The COVID-19 crisis has thrown up an array of new habits and coping mechanisms.
But the fetishisation, and even sexualisation, of prominent health officials is one of our more unexpected pandemic pastimes.
Is this trend equality in action, or an extension of harmful objectification?
In Australia, a lot of attention has been focused on Victoria’s Chief Health Officer, Professor Brett Sutton.
You can buy a Brett Sutton bedspread, join in with the Sutton stans on Twitter, or become a “Suttonette” and like the Brett Sutton is HOT Facebook page (along with more than 8,000 other people).

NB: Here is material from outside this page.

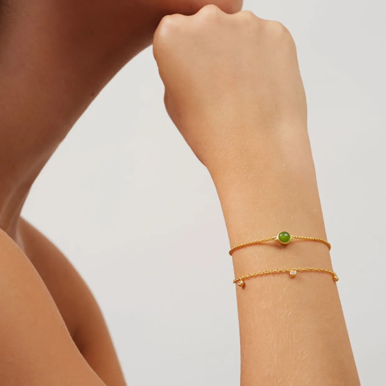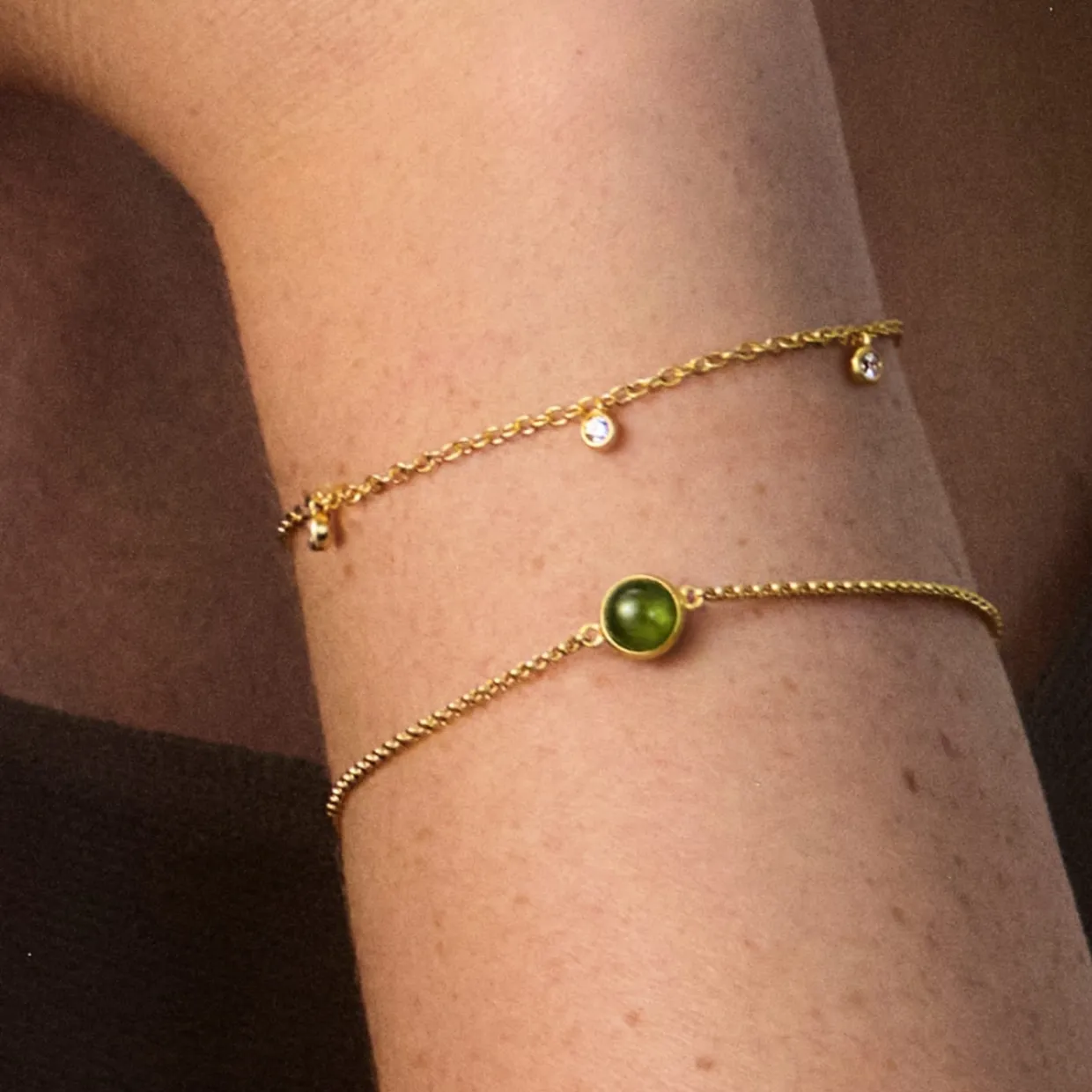 JULIE SANDLAU PRIMINI ARMBÅND FORGYLDT SØLV MED MOSGRØN KRYSTAL – BR258GDMGCR

To put things in a global context, Sutton’s iconic status is not particularly unusual. Examples from India, to France, to New Zealand show various medical experts and administrators have become like rock stars; worshipped, even deified.
Much of the appeal seems to lie in their competence and confidence, offering a point of public reassurance in turbulent times.
The sexualisation of Sutton offers another dimension. He’s been dubbed a “silver fox” and a photo of him as a young man has been doing the rounds on social media with much accompanying commentary on his physical appearance.
If the professor had been a woman, this kind of treatment would have been acknowledged as unacceptable and we’d likely see a huge backlash against it. So why is this different?
A different rule for men
There are several reasons why the sexualisation of men in public roles plays out quite differently to that of women.
Firstly, as a man, Sutton is not being reduced to his physical attractiveness through a prism of sexual inequality.
The concept of objectification – essentially the reduction of a girl or woman to her sexual body parts or functions – emerges from a broader context of sexual inequality between men and women. This can be anything from staring and catcalling in the street to violent sexual assault.
Any attempt by women to sexualise men doesn’t occur against a corresponding background of widespread sexual intimidation and abuse.